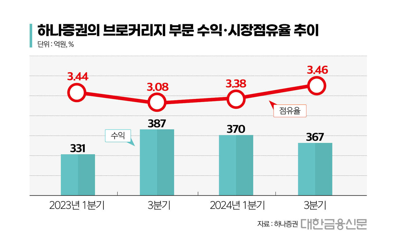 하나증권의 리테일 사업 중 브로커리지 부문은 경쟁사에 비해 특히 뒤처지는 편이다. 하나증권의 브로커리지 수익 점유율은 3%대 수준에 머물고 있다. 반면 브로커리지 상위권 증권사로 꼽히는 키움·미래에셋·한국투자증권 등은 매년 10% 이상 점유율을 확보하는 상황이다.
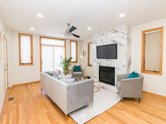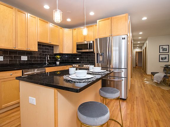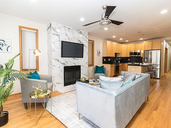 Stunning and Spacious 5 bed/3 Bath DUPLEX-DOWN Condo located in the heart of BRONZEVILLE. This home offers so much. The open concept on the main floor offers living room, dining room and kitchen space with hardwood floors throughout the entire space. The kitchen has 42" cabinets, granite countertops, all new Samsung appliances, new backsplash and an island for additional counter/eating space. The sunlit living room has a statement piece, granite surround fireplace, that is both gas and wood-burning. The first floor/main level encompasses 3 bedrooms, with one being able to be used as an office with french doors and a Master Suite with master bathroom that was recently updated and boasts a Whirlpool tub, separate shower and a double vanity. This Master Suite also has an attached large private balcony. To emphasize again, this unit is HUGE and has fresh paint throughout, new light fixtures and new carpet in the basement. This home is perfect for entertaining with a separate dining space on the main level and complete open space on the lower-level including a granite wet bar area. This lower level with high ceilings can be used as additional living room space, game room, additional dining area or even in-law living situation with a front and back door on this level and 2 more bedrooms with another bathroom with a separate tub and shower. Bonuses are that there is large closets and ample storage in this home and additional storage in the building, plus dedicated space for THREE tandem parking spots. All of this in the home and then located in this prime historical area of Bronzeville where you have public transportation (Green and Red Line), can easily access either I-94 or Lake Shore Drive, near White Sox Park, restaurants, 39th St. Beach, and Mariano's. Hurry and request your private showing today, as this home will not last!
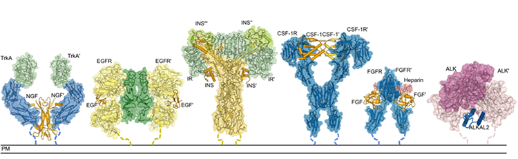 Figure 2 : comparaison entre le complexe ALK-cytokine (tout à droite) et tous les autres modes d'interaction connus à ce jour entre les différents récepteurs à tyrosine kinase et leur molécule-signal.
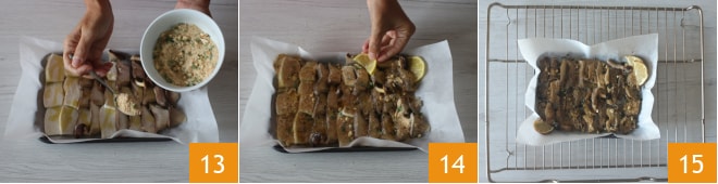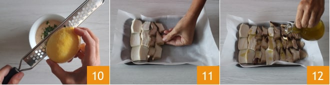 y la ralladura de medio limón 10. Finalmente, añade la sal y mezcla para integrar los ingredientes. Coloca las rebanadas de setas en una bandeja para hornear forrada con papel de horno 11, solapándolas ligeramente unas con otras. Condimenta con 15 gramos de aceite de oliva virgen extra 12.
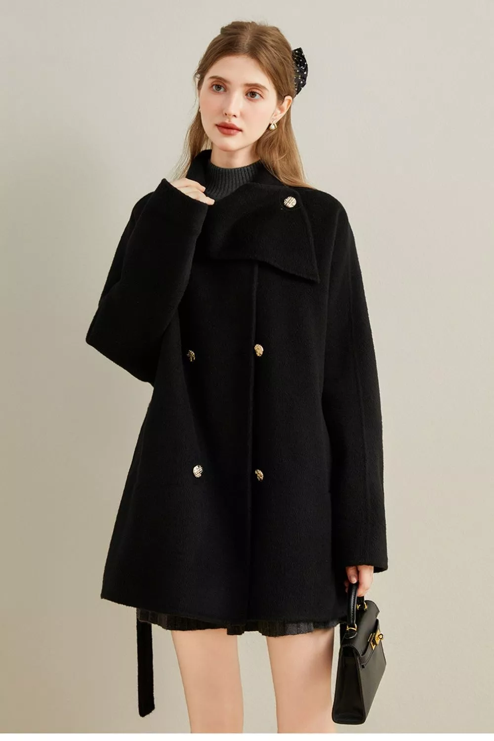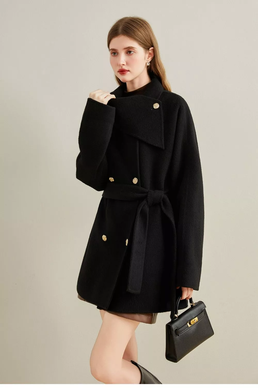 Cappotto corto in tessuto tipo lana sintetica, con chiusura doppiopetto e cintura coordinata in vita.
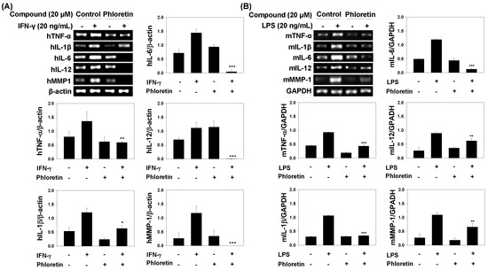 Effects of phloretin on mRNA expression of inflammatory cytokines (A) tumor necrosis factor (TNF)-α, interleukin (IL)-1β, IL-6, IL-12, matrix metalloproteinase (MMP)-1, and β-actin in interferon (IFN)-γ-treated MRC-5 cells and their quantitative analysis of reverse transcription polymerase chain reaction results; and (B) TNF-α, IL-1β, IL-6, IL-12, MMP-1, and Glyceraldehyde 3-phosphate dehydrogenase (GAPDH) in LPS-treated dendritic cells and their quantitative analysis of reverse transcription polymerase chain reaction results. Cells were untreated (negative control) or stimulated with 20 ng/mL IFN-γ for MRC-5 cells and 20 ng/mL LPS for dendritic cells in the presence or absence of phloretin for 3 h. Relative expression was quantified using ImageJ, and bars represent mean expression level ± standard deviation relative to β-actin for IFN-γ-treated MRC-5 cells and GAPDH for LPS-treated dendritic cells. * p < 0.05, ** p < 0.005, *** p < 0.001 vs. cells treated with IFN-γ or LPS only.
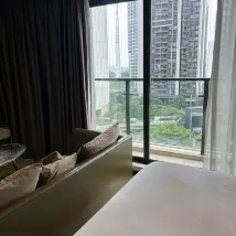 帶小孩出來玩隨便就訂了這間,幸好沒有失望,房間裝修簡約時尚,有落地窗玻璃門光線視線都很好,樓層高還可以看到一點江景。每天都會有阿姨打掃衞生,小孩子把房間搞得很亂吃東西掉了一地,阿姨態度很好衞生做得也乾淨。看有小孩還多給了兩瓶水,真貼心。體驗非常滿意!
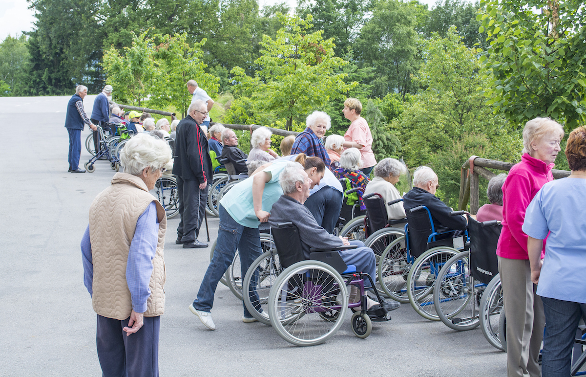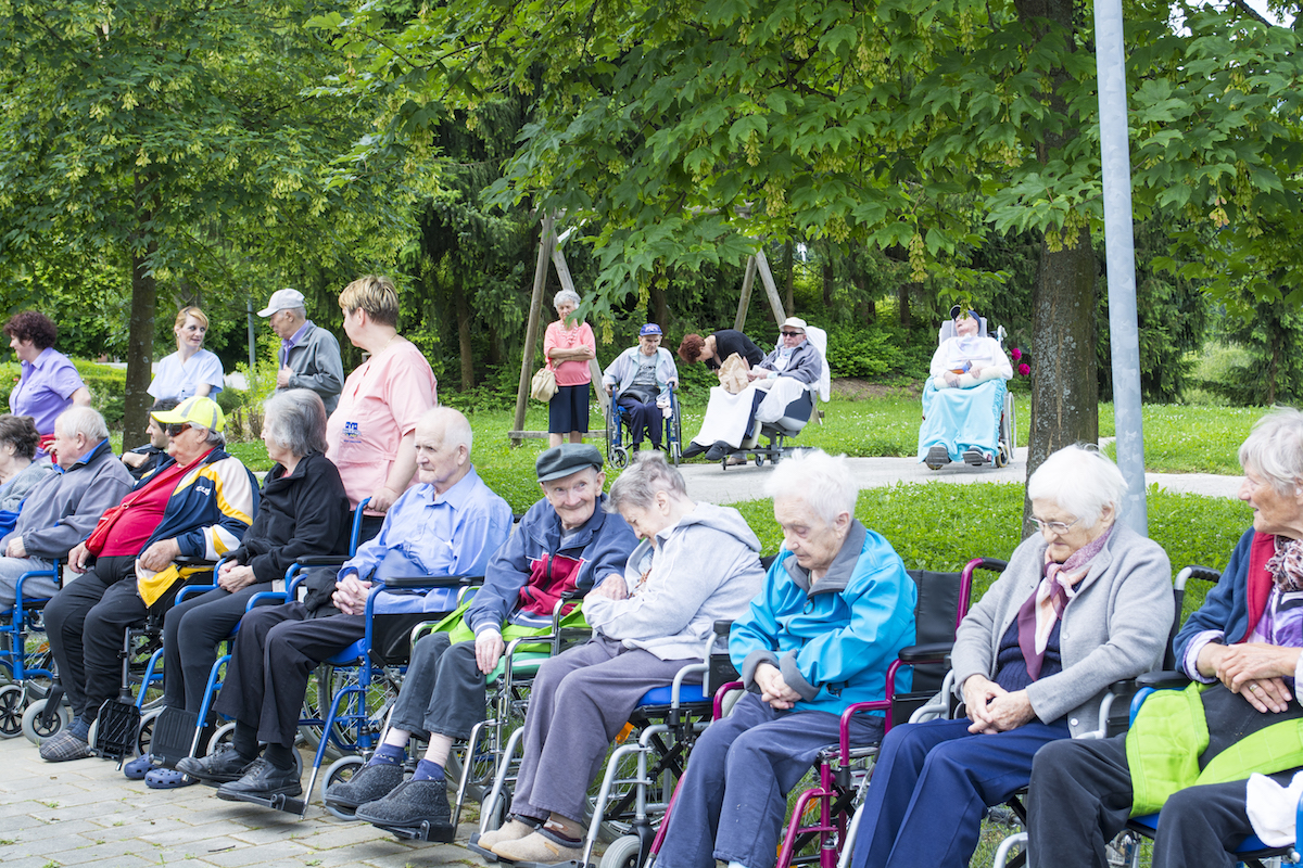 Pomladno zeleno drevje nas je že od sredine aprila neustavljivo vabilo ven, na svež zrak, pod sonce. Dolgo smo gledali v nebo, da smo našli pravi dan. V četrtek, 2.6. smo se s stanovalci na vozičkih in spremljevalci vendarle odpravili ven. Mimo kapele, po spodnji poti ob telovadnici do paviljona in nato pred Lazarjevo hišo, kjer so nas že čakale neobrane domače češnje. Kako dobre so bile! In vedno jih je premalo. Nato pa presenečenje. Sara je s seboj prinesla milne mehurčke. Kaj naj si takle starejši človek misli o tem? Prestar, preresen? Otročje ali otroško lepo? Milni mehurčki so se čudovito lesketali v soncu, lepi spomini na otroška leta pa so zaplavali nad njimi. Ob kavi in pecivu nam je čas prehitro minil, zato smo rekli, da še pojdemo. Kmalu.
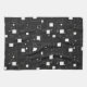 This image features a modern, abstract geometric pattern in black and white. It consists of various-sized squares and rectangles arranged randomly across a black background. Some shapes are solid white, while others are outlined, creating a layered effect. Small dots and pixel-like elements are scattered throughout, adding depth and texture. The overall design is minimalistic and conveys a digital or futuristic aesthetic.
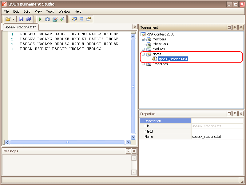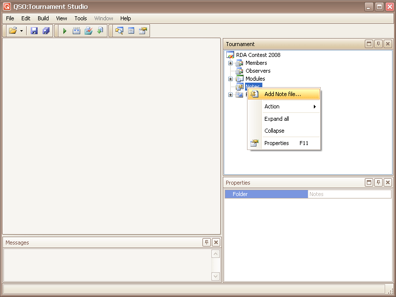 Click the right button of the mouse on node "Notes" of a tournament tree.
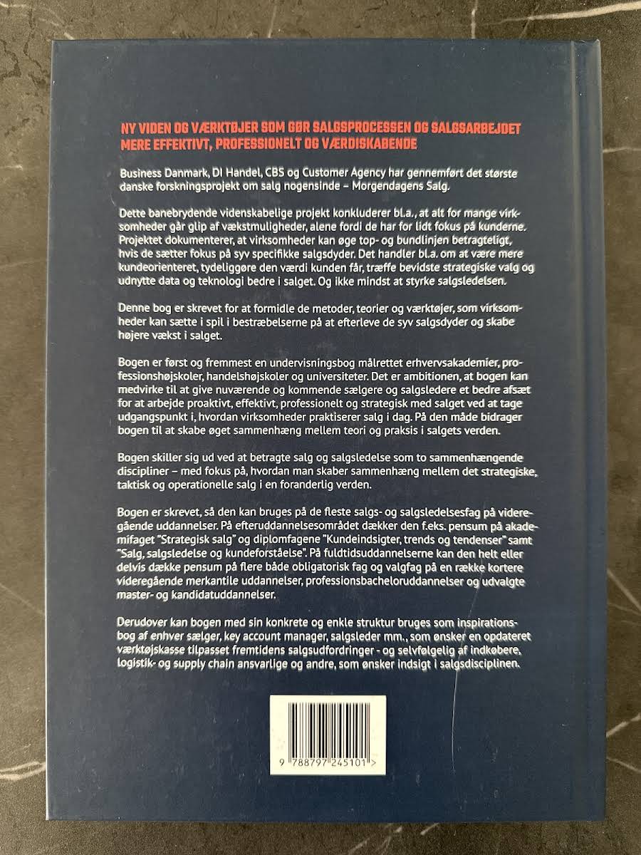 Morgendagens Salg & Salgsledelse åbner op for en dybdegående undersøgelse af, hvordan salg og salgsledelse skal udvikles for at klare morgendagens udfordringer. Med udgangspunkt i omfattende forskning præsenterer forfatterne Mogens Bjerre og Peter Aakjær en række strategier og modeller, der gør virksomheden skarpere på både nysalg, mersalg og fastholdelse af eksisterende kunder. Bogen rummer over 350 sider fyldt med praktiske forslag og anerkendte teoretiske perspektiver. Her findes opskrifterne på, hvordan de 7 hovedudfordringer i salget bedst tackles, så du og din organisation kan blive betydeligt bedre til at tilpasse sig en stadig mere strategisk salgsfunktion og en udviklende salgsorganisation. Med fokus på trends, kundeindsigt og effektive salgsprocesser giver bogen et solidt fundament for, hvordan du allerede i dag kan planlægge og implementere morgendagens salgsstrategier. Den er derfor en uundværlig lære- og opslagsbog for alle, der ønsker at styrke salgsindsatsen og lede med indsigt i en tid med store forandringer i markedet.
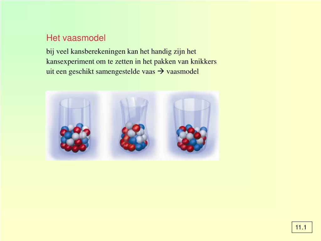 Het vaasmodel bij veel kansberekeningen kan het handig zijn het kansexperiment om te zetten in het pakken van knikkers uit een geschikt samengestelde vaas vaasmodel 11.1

- - -

Start with the line above containing "Cappotto corto in" and end with the line containing "帶小孩出來玩隨便就訂了這間,幸好沒有失望". Set down that stretch exactly, without any pictures.

> **RESULT FOR THIS TASK**:
 Cappotto corto in tessuto tipo lana sintetica, con chiusura doppiopetto e cintura coordinata in vita.
 Effects of phloretin on mRNA expression of inflammatory cytokines (A) tumor necrosis factor (TNF)-α, interleukin (IL)-1β, IL-6, IL-12, matrix metalloproteinase (MMP)-1, and β-actin in interferon (IFN)-γ-treated MRC-5 cells and their quantitative analysis of reverse transcription polymerase chain reaction results; and (B) TNF-α, IL-1β, IL-6, IL-12, MMP-1, and Glyceraldehyde 3-phosphate dehydrogenase (GAPDH) in LPS-treated dendritic cells and their quantitative analysis of reverse transcription polymerase chain reaction results. Cells were untreated (negative control) or stimulated with 20 ng/mL IFN-γ for MRC-5 cells and 20 ng/mL LPS for dendritic cells in the presence or absence of phloretin for 3 h. Relative expression was quantified using ImageJ, and bars represent mean expression level ± standard deviation relative to β-actin for IFN-γ-treated MRC-5 cells and GAPDH for LPS-treated dendritic cells. * p < 0.05, ** p < 0.005, *** p < 0.001 vs. cells treated with IFN-γ or LPS only.
 帶小孩出來玩隨便就訂了這間,幸好沒有失望,房間裝修簡約時尚,有落地窗玻璃門光線視線都很好,樓層高還可以看到一點江景。每天都會有阿姨打掃衞生,小孩子把房間搞得很亂吃東西掉了一地,阿姨態度很好衞生做得也乾淨。看有小孩還多給了兩瓶水,真貼心。體驗非常滿意!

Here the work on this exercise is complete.